Italian chemist and physicist (1745–1827)

Alessandro Giuseppe Antonio Anastasio Volta (Note: /ˈvɒltə/, /ˈvoʊltə/; /it/) (18 February 1745 – 5 March 1827) was an Italian chemist and physicist who was a pioneer of electricity and power, and is credited as the inventor of the electric battery and the discoverer of methane. He invented the voltaic pile in 1799, and reported the results of his experiments in a two-part letter to the president of the Royal Society in London, which was published in 1800. With this invention, Volta proved that electricity could be generated chemically and debunked the prevalent theory that electricity was generated solely by living beings. Volta's invention sparked a great amount of scientific excitement and led others to conduct similar experiments, which eventually led to the development of the field of electrochemistry.

Volta drew admiration from Napoleon Bonaparte for his invention, and was invited to the Institute of France to demonstrate his invention to the members of the institute. Throughout his life, Volta enjoyed a certain amount of closeness with the emperor who conferred upon him numerous honours. Volta held the chair of experimental physics at the University of Pavia for nearly 40 years and was widely idolised by his students. Despite his professional success, Volta was inclined towards domestic life and this was more apparent in his later years when he tended to live secluded from public life and more for the sake of his family. He died in 1827 from a series of illnesses which began in 1823. The SI unit of electric potential is named the volt in his honour.

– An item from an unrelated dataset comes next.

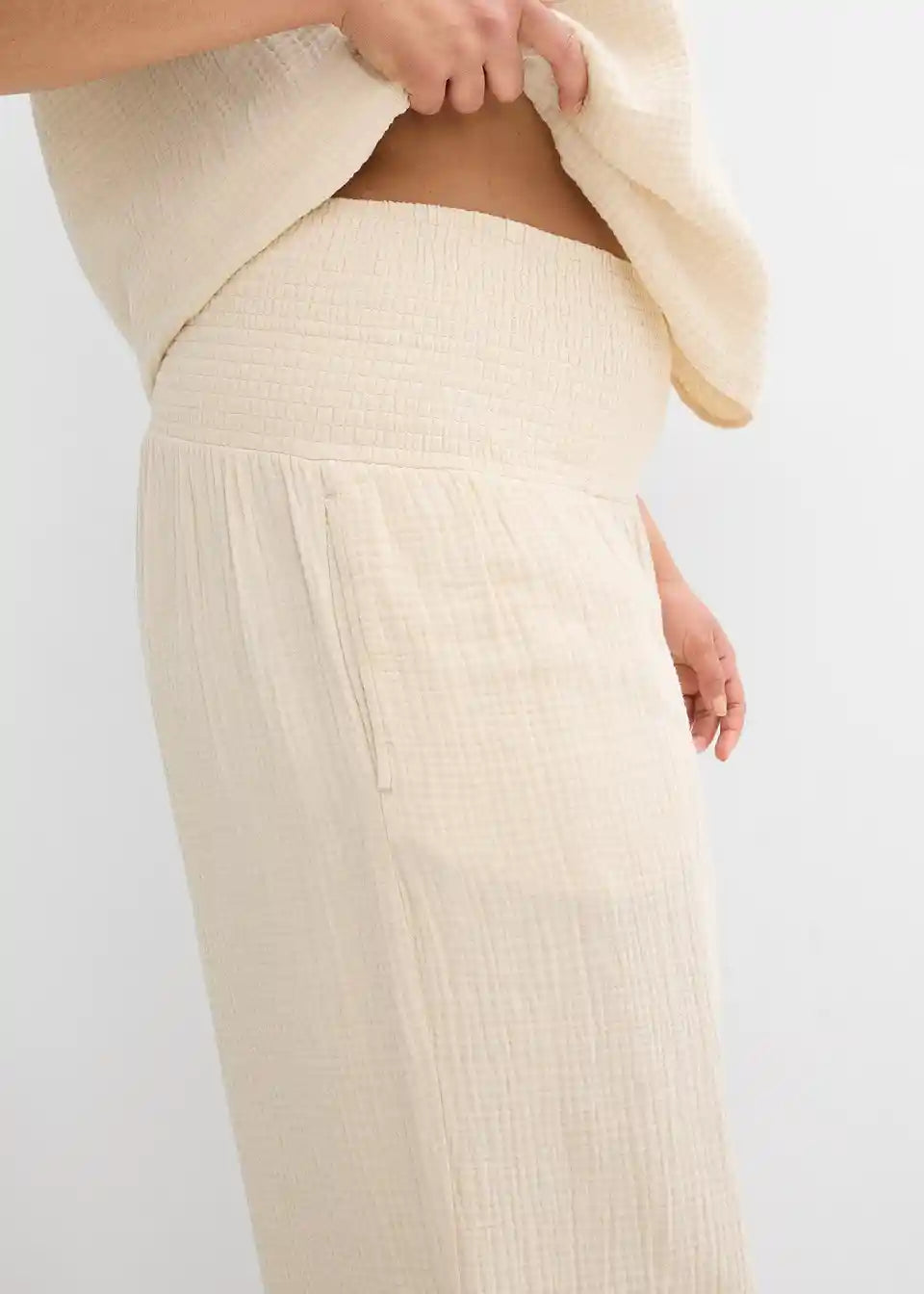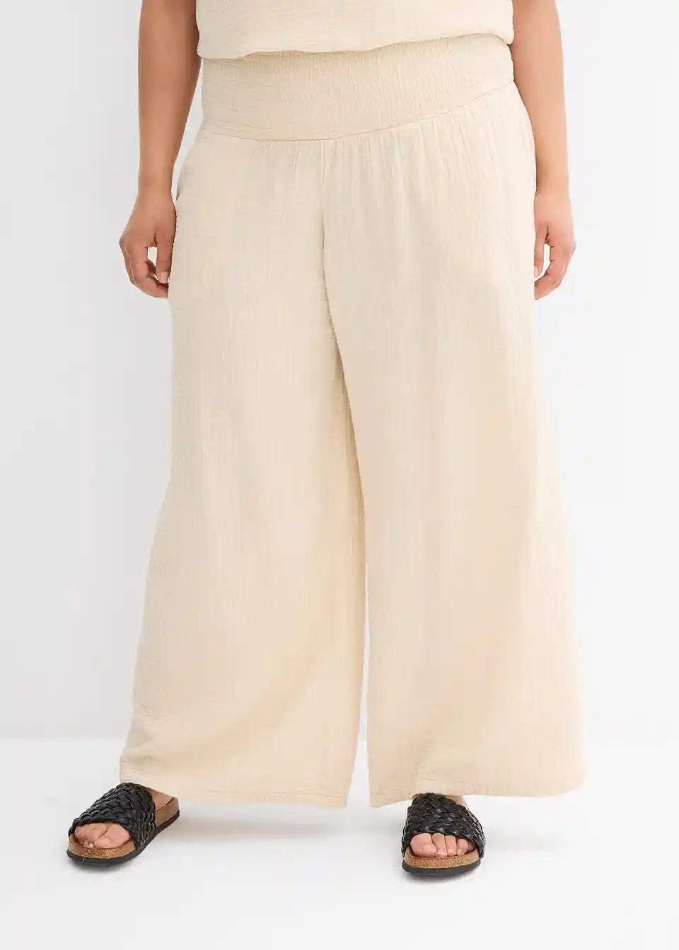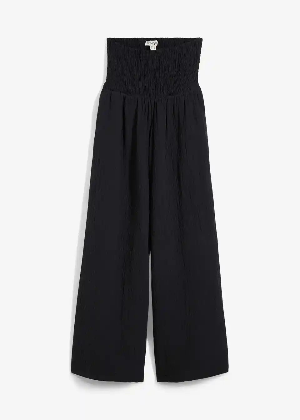 Široke bombažne hlače z elastičnim smock pasom za večje udobje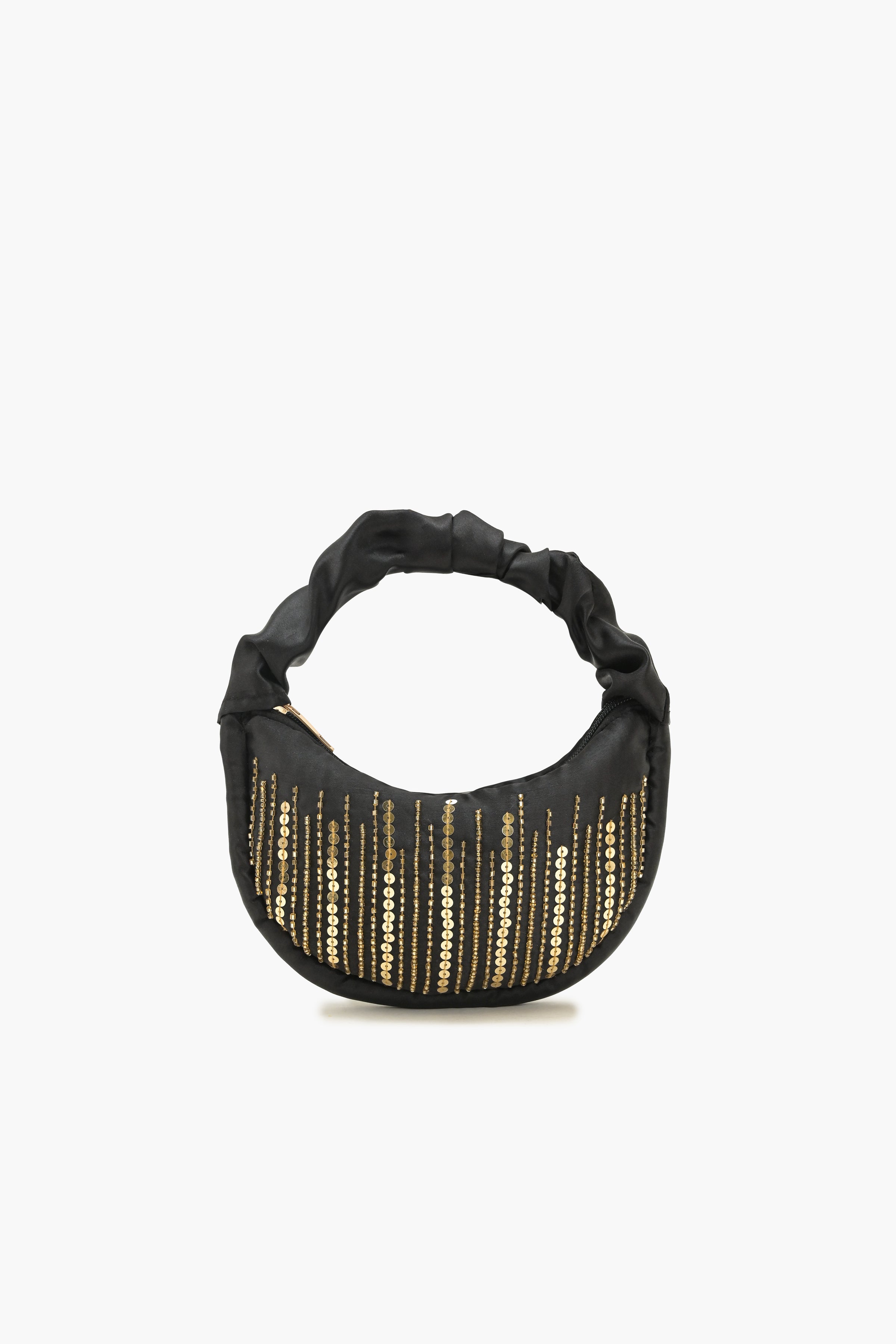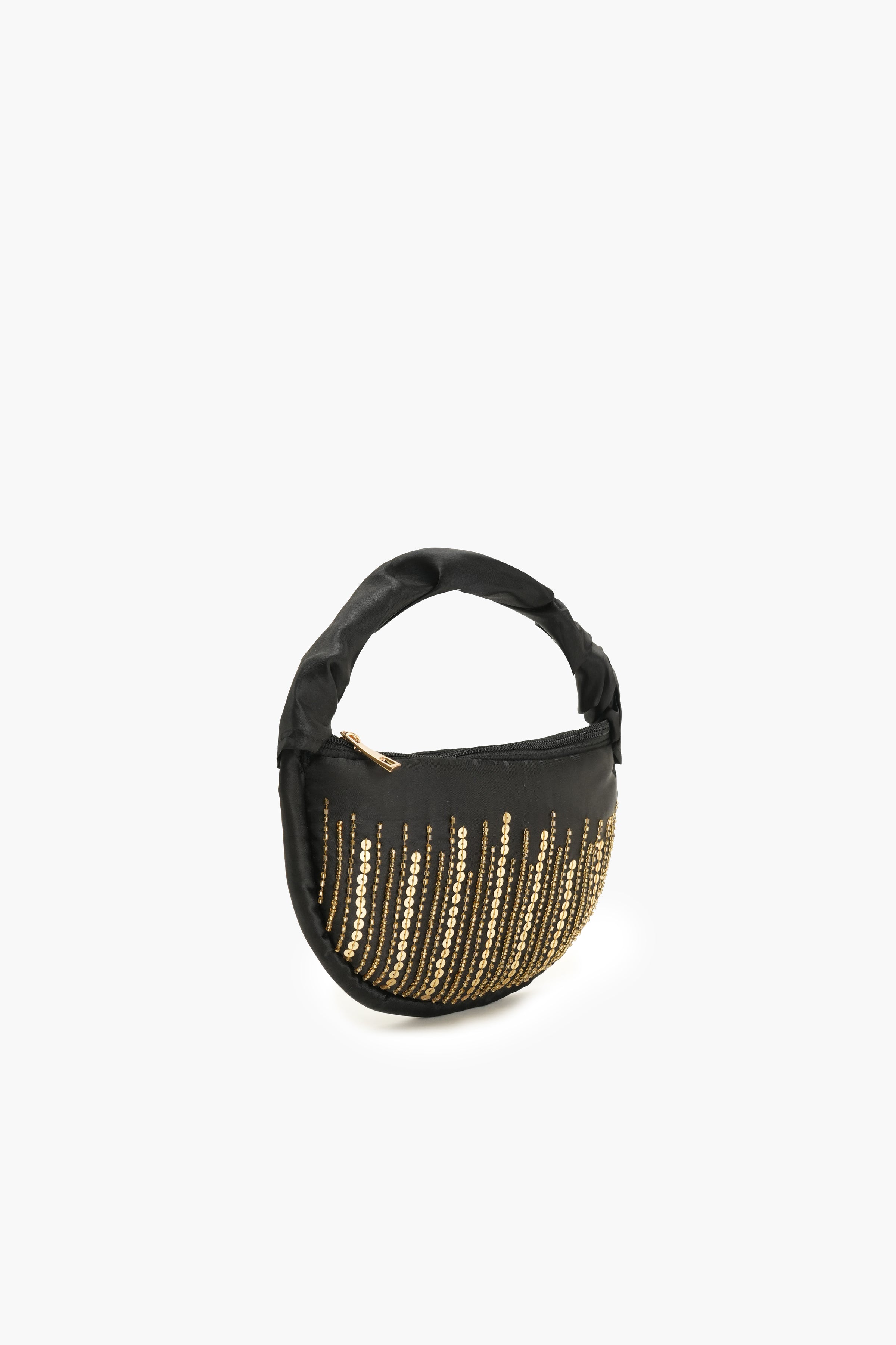 From our festive edit comes the Siyaara Embellished Handbag - Designed in a bold black satin base adorned with cascading vertical lines of golden sequins, reminiscent of glistening lights against a midnight sky. Our crescent-shaped women handbag with ruched handle exudes contemporary elegance and playful sophistication. Our embellished women handbag is a perfect companion for soirées, festive evenings or weddings.

==Early life and marriage ==
Volta was born in Como, a town in northern Italy, on 18 February 1745. His father, Filippo Volta, was of noble lineage. His mother, Donna Maddalena, came from the family of the Inzaghis. In 1794, Volta married an aristocratic lady also from Como, Teresa Peregrini, with whom he raised three sons: Zanino, Flaminio, and Luigi.

==Career==

In 1774, he became a professor of physics at the Royal School in Como. A year later, he improved and popularised the electrophorus, a device that produced static electricity. His promotion of it was so extensive that he is often credited with its invention, even though a machine operating on the same principle was described in 1762 by the Swedish experimenter Johan Wilcke. In 1777, he travelled through Switzerland, where he befriended the physicist and mountaineer H. B. de Saussure.

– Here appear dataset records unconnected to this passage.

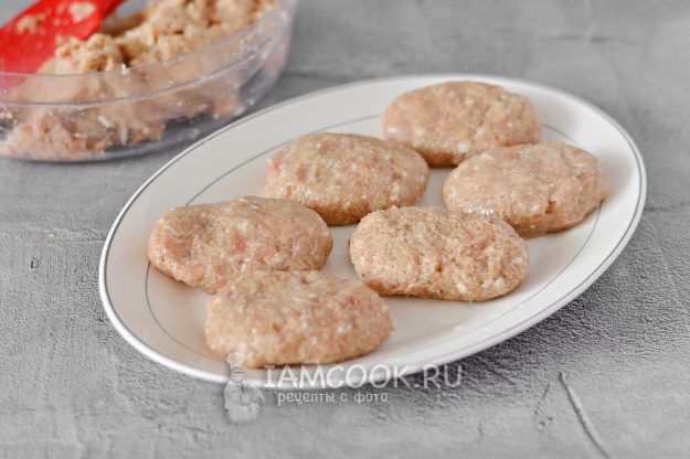 Мокрыми руками сформируйте котлеты. Размер определяйте сами, кто-то любит большие, кто-то - миниатюрные. Форма котлет, опять же, на свой вкус - я сделала овальные. Эти котлеты я не панирую.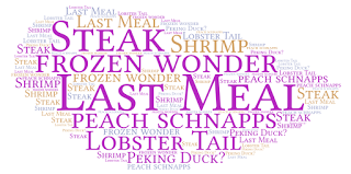 Besides lots of time for a meal to be prepared--and later, and even greater amount to eat it, here's a few items for a last meal.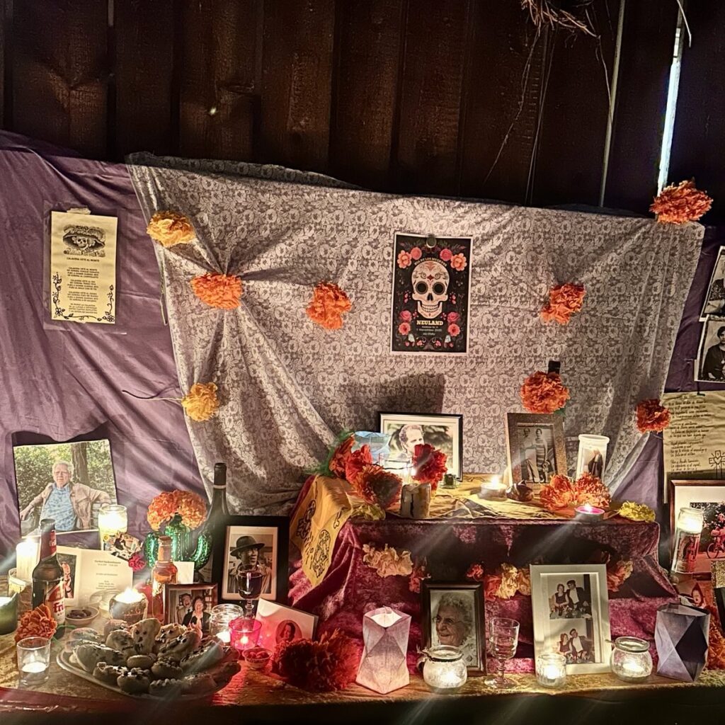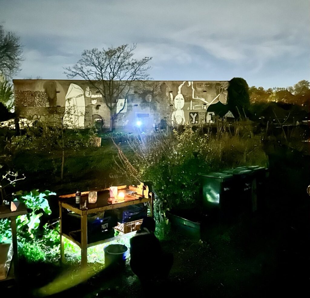 An einem 1.11. hatte sie mal eine Art festlichen Altar vor der Gartenküche aufgebaut, den ganzen Ort bunt mit Totenkopf-Deko und Kreppblumen geschmückt und mit Kerzen beleuchtet. Auf dem Altar zwischen üppigem Blumenschmuck stand ein schwarz-weiß Foto von ihrer Uroma und eine Leckerei, die diese gerne gegessen hatte. Sie erzählte uns davon, wie man in Mexiko rund um den 1.11. seine Toten ehrt und: feiert. Nach und nach stellten auch die anderen NeuLänder*innen und Gäste Bilder ihrer verstorbenen Familienmitglieder oder Freunde dazu, mal mit einem Glas Wein für den Ahnen, mal mit einem Gegenstand. Erinnerungen werden ausgetauscht es kommt zu schmerzhaften Momenten und auch ein paar bitterliche Tränen fließen.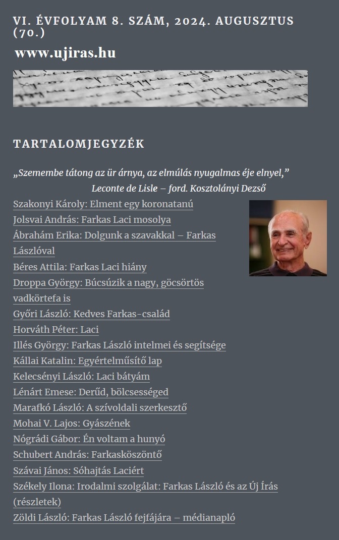 Farkas László szerkesztő úrra emlékezve. (Az Új Írás legfrissebb számában írók, költők, irodalmárok és munkatársai emlékeznek a nemrég elhunyt Farkas Lászlóra, ez a cikk is ezek közül van.)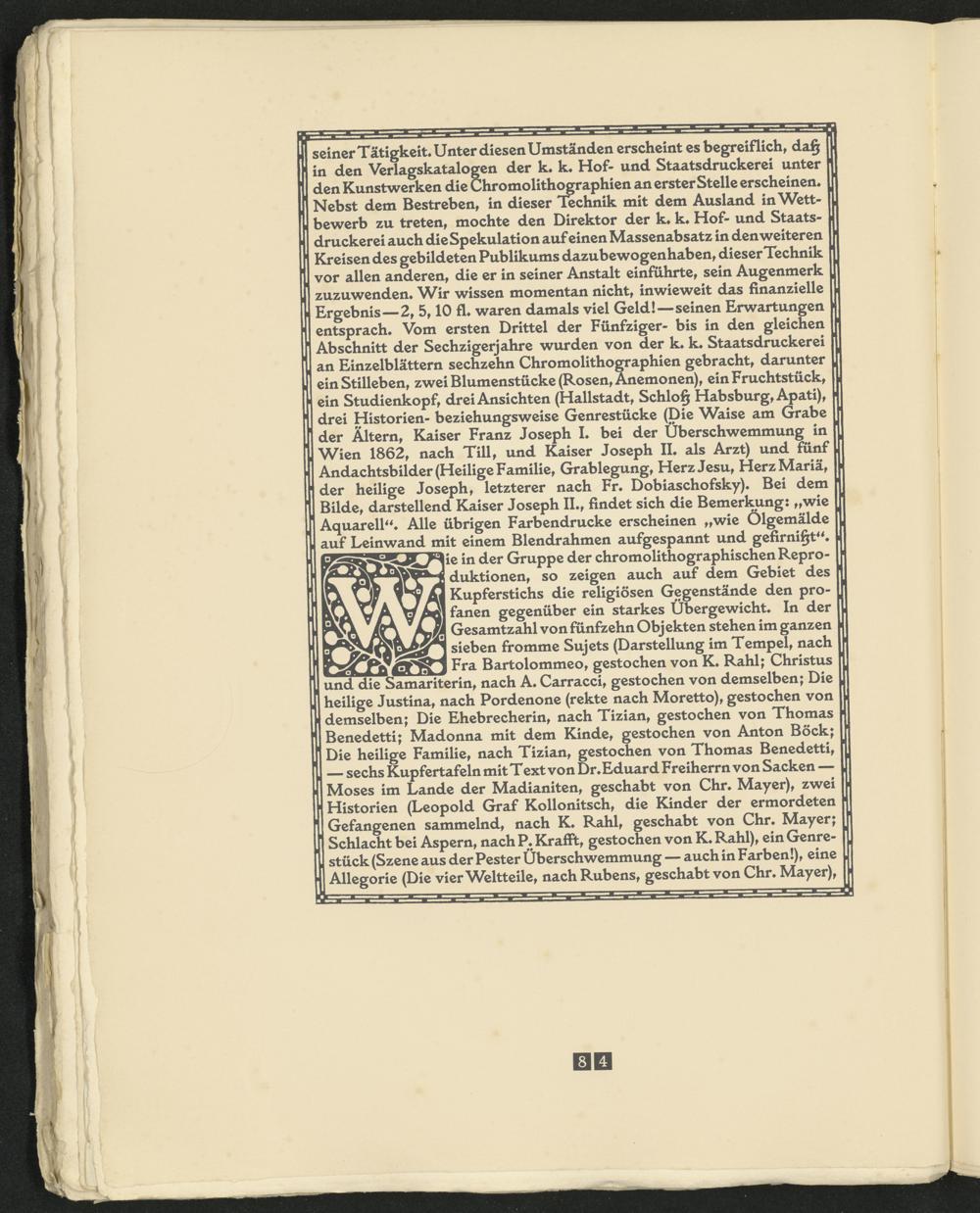 ie in der Gruppe der chromolithographischen Reproduktionen, so zeigen auch auf dem Gebiet des Kupferstichs die religiösen Gegenstände den profanen gegenüber ein starkes Übergewicht. In der Gesamtzahl von fünfzehn Objekten stehen im ganzen sieben fromme Sujets (Darstellung im Tempel, nach Fra Bartolommeo, gestochen von K. Rahl; Christus und die Samariterin, nach A. Carracci, gestochen von demselben; Die heilige Justina, nach Pordenone (rekte nach Moretto), gestochen von demselben; Die Ehebrecherin, nach Tizian, gestochen von Thomas Benedetti; Madonna mit dem Kinde, gestochen von Anton Bock; Die heilige Familie, nach Tizian, gestochen von Thomas Benedetti, — sechs Kupfertafeln mit Text von Dr. Eduard Freiherrn von Sacken — Moses im Lande der Madianiten, geschabt von Chr. Mayer), zwei Historien (Leopold Graf Kollonitsch, die Kinder der ermordeten Gefangenen sammelnd, nach K. Rahl, geschabt von Chr. Mayer; Schlacht bei Aspern, nach P. Krafft, gestochen von K. Rahl), ein Genrestück (Szene aus der Pester Überschwemmung — auch in Farben!), eine Allegorie (Die vier Weltteile, nach Rubens, geschabt von Chr. Mayer)

In the years between 1776 and 1778, Volta studied the chemistry of gases. He researched and discovered methane after reading a paper by Benjamin Franklin of the United States on "flammable air". In November 1776, he found methane in the marshes of Angera on Lake Maggiore, and by 1778 he managed to isolate it. He devised experiments such as the ignition of methane by an electric spark in a closed vessel.

Volta also studied what we now call electrical capacitance, developing separate means to study both electrical potential difference (V) and charge (Q), and discovering that for a given object, they are proportional. This is called Volta's Law of Capacitance, and for this work, the unit of electrical potential has been named the volt.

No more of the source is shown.